Wednesday, November 26, 2008

Dysphoria

Gender Identity Disorder(GID) -

  1. A disorder in which a male or female feels a strong identification with the opposite sex(Web MD.)
  2. Disorder in which there is a deeply felt incongruence between anatomic sex and the sensed gender; transsexualism and gender identity disorder of childhood are examples.(Davison/ Abnormal Psychology, Canadian Edition.)
  3. Is the formal diagnosis used by psychologists and physicians to describe persons who experience significant gender dysphoria (discontent with the biological sex they were born with). It is a psychiatric classification and describes the problems related to transexuality, transgender identity, and transvestism. It is the diagnostic classification most commonly applied to transexuals.

So that last definition was kind of different, in that it listed Gender Dysphoria as part and parcel of GID. Today I would like to talk about the feelings I have surrounding MY gender dysphoria. This may or may not be applicable to other trans women or men, as it only reflects my personal experience with it.

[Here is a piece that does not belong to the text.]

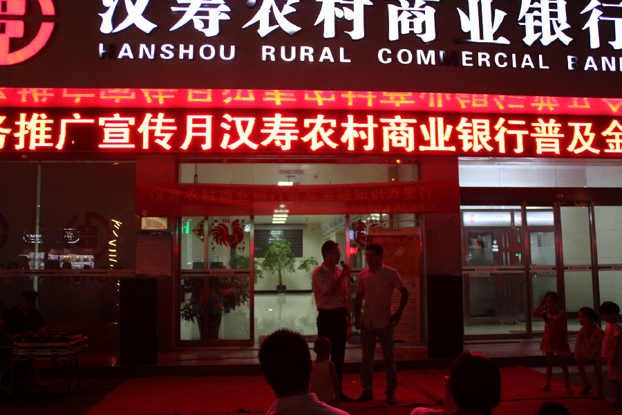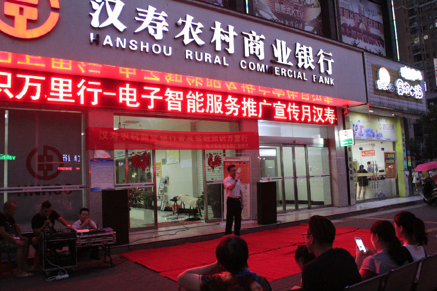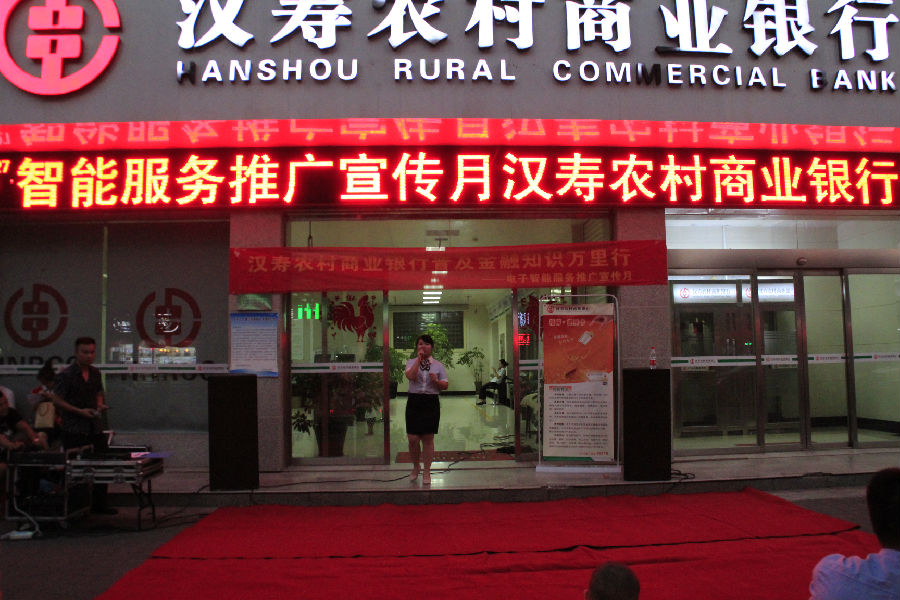 为推进公众金融教育普及工作,构建和谐的金融消费关系和良好金融生态环境,8月27日,汉寿农商银行在县芙蓉世纪城附近开展以“电子智能服务推广”为主题的路演宣传活动。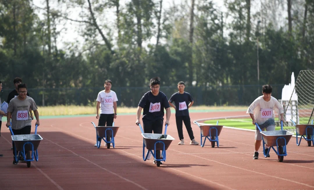 首届崇劳运动会在该校西田径运动场欢快举行,运动员们全神贯注手握车把,飞速驶向终点,欢呼声此起彼伏。

It sort of begins way down in my gut, somewhere below my heart. Feels like a discontent, almost like an itch you cant scratch, or a lump in your throat. Like the feeling you had when you were a kid and the other kids went somewhere witCheck Spellingh out you. Like being left out of a group you desperately want to belong to. It also feels like your skin is too tight, too confining, too restrictive. A deep restlessness.

Sometimes it only is an itch, other times it can drive you to tears. And always in the back of your head there is that thought/feeling of 'I should be female(male.)' That thought is always with us, its like a song you cant shake out of your head, the lyrics keep replaying themselves in your memory. You know what your body is on the outside, but on the inside it feels all wrong. You may even be able to recognize that you don't look horrible as your natal sex. At its worse you can feel like there is no point to life, at its best you'll be able to push it aside for a while and think about other things.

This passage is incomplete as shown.